CHARLESTON, W.Va. (AP) — Republican West Virginia Gov. Jim Justice said Friday that Congress should “go big or go home” on the federal pandemic stimulus package, breaking with opposition to the plan from within his own party.
“We have tried to underspend and undersize what was really needed to get over the top of the mountain,” he told reporters at his coronavirus briefing. “You got a lot of people across this nation who are really hurting.”

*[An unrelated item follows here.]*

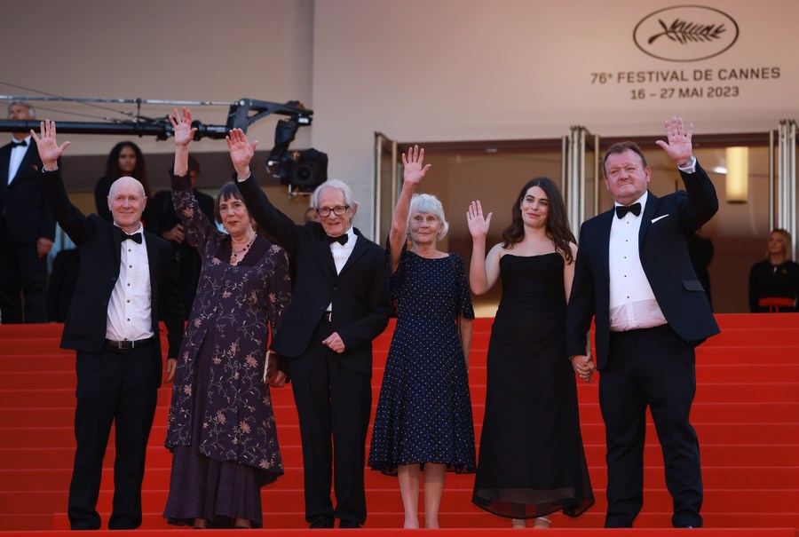 Le réalisateur britannique Ken Loach (3e à gauche) et des membres de l'équipe du film "The Old Oak" arrivent pour la projection du film lors de la 76e édition du Festival de Cannes, dans le sud de la France, le 26 mai 2023. (Xinhua/Gao Jing)

House Democrats are poised to get through their $1.9 trillion package aimed at helping individuals, businesses, states and cities. The fate of a provision to raise the federal minimum wage to $15 is uncertain in the Senate, where its nonpartisan parliamentarian said Thursday that the chamber’s rules require that a federal minimum wage increase would have to be dropped from the COVID-19 bill.
Justice, who won office in 2016 as a Democrat before switching parties, has surprised some by backing President Joe Biden’s proposal. He said “an awful lot of Republicans are saying, ‘We don’t want to do this, and we don’t want to do that’” but that he supported a big relief package for people and businesses struggling to pay bills and rent.

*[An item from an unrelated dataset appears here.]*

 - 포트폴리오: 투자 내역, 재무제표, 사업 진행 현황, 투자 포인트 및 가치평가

He added that he did not support “bailing out a bunch of pension plans that were mismanaged,” likely a reference to aid to states and cities that many Republicans oppose. The state’s Republican members of Congress all oppose the current bill.
“I respect his point of view,” U.S. Rep. Alex Mooney said about the governor on MetroNews radio Friday morning.

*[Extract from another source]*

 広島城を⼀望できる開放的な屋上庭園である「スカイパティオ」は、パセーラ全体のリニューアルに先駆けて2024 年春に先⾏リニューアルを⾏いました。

The state GOP on Twitter has ridiculed Biden’s plan, highlighting its opposition to measures such as transit projects in California. Republican U.S. Sen. Shelley Moore Capito told Fox News she was “definitely a no vote” on the legislation because it contained too many provisions “extraneous to COVID.”
On raising the federal wage floor from $7.25 to $15, Justice said “it’s really, really hard to say one size fits all” across the nation, where the cost of living varies widely. “But to be able to make it on 7 or 8 dollars an hour, that’s really, really tough,” he added. “I am also smart enough to know some businesses that would rip apart and it would raise unemployment in some areas.”
Democratic U.S. Sen Joe Manchin has said he also opposes raising the minimum wage through the legislation.
In other news, Justice said West Virginia expects to see a surge in new vaccines. With the one-shot vaccine from Johnson and Johnson expected to receive federal emergency use authorization soon, the state will receive an initial shipment of approximately 15,000 doses next week.
On top of doses from Pfizer-BioNTech and Moderna, that would bring up the state’s weekly total doses to 60,000, Justice said.
About 16% of the state’s 1.78 million population is at least partially vaccinated, while 10.3% have received both shots of the currently available vaccines. Johnson and Johnson’s vaccine only requires one dose for full effectiveness.
The state’s Health and Human Resources Secretary Bill Crouch said only .2% of Black residents have registered to receive a vaccine. Officials urge all residents aged 16 and over to pre-register for a vaccine at vaccine.wv.gov.
“Everyone out there needs to register, but we’re really trying to get more African Americans to register as well,” Crouch said.